TW: attention, ce texte parle de violence et de meurtres dans un contexte conjugale.

Les différentes formes de violence font partie de notre quotidien au Centre des femmes. Dans le cadre de notre travail, nous sensibilisons les différentes intervenant.es du milieu, siégeons sur des Tables de concertation, faisons des actions collectives, des représentations politiques. Mais, surtout, nous accompagnons celles qui vivent ces violences. Nous les écoutons, les soutenons, les croyons. TOUJOURS. Nous pratiquons l’intervention féministe. Qu’est-ce que cela signifie? Que c’est toujours la personne elle-même qui décide, pour elle, à son rythme, dans une démarche sans aucun jugement car nous comprenons les mécanismes utilisés par les agresseurs. Le cycle de la violence est toujours le même, peu importe la victime. C’est à croire que leurs agresseurs se sont tous parlé un matin pour utiliser les mêmes tactiques de manipulation: dénigrement, contrôle, isolement, menaces de suicide, insultes, culpabilisation de la victime, peur, etc. Parce que « fuck », ça marche! L’emprise de la violence conjugale peut être totale et prend toute la place dans la vie de la victime. Contrairement aux autres formes de violences criminelles, la violence conjugale a de particulier que la victime habite avec l’agresseur et qu’il y a un lien intime entre les deux, ce qui rend l’intervention très complexe.

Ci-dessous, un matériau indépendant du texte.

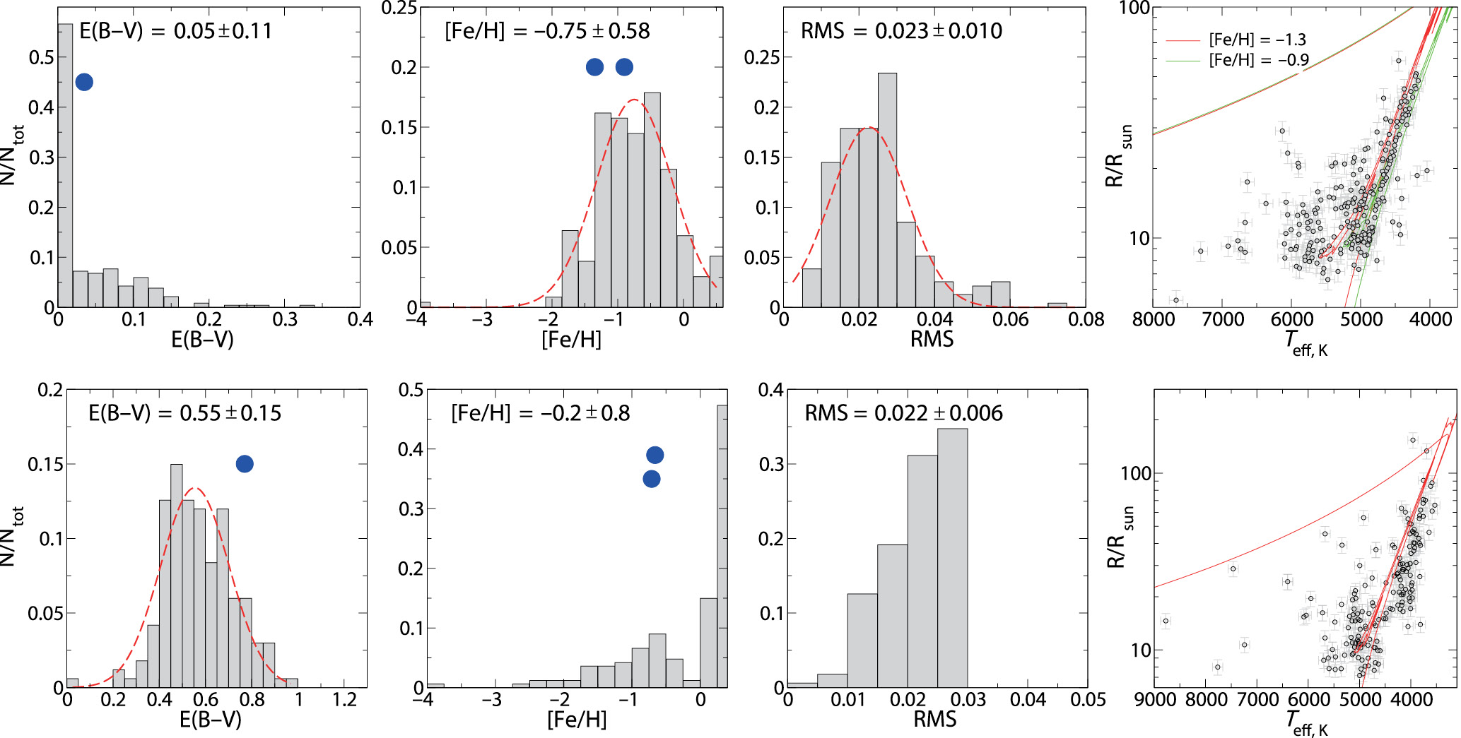 2.4.1. NGC5904 = M. Для тестирования метода было выбрано 235 звезд шарового скопления M5. Результаты представлены в верхней части рис. 9. Это шаровое скопление расположено на галактической широте +47° на расстоянии ~7 кпк с небольшим межзвездным покраснением E(B–V) = 0.035 ± 0.010m (Лэйден и др., 2005). В работе (Кирби и др., 2018) опубликованы значения металличности 19 звезд, принадлежащих скоплению, среднее значение [Fe/H] = –1.35 ± 0.05. Возраст NGC5904 составляет 10.6 ± 0.8 млрд лет и [Fe/H] = –0.9, согласно Вуди, Шлауфман (2021), оба значения отличаются от данных других авторов. Ванденберг и др. (2013) сообщают о возрасте 11.50 ± 0.25 млрд лет. Другие авторы опубликовали значения возраста (10.9 ± 1.1 (Саларис, Вейсс, 2002), (12.2 ± 1.3, Ан и др., 2009) и (12.25 ± 0.75, Доттер и др., 2010). Полученное нами среднее значение металличности [Fe/H] = –0.75 ± 0.58 соответствует спектроскопическим измерениям, однако дисперсия велика. Около 56% решений дают значение E(B–V) = 0, средняя величина по 1000 вариаций составила E(B–V) = 0.05 ± 0.11, что соответствует реальному значению. Для сравнения наших результатов на диаграмме Teff–R мы рассчитали радиусы звезд, исходя из полученных угловых диаметров и известного расстояния до скопления, и использовали эволюционные треки MESA (Чой и др., 2016) с возрастом 11.5 млрд лет и металличностью [Fe/H] = –0.9 и [Fe/H] = –1.3 (последний столбец рис. 9). Теоретические изохроны хорошо представляют ветвь красных гигантов (RGB). Для более горячих звезд нередко наблюдаются значительные отклонения от изохрон, вследствие больших RMS ошибок.

Bref, l’intervenante en moi se questionne. Notre approche est-elle la bonne? Je me demande si, dans une autre situation, on « attendrait » que la victime soit prête. Je me demande si on laisserait faire en toute impunité un homme que nous savons violent dans un autre contexte que conjugal. Je sais que vous allez me répondre oui… et c’est ce qui arrive. Mais je me demande si nous sommes trop « douces » dans nos interventions. Je pèse mes mots car mon objectif n’est pas d’infantiliser. Et n’est-ce pas banaliser un peu ces violences que d’attendre? Attendre le pire? Pour constater les conséquences des violences qui restent pour la Vie. Toutes les situations de violence conjugale sont aussi pires, sont aussi graves les unes que les autres. Je n’ai pas la solution, je sais que nous ne pouvons pas forcer personne à quitter. Mais je ne vous cache pas que chaque situation de violence conjugale que je vois passer au Centre, je dois vivre avec l’idée qu’elles pourraient être tuées. Et c’est insupportable. Je désire vous entendre sur le sujet, collègues féministes.

Si vous avez besoin de parler, de conseil ou de soutien, contactez SOS Violence conjugale 24/7

1-800-363-9010

Crédits Illustration de bannière : Binette
Crédits photo : Shown Morin

Une réponse

  1. Julie Blackburn, elle dit :

    Le questionnement est tellement juste !
    Je crois que cela relève du système sexiste dans lequel on évolue ET de la manipulation sournoise qui s’installe dans la relation.
    Comme l’intervention féministe en contexte de violence conjugale n’est pas reconnu au niveau gouvernemental, le système n’agira pas officiellement. Nous devons continuer à travailler à sensibiliser et à conscientiser tout le monde pour une pleine reconnaissance du problème systémique. Par la suite, nous pourrons mieux encadrer les interventions de préventions à la violence. Même dans notre système scolaire, les interventions ne sont pas définies en contexte de violence (autre que de l’intimidation et même là, l’intimidation a le dos large).
    Je terminerai mon commentaire en affirmant que quand on sait que le profil des hommes au pouvoir est sensiblement le même qu’un pervers narcissique et que ce mode de manipulation sert à étendre l’éternel néocapitalisme, on est pas sortie du bois ! En toute sororité. Féminicides, encore une de trop.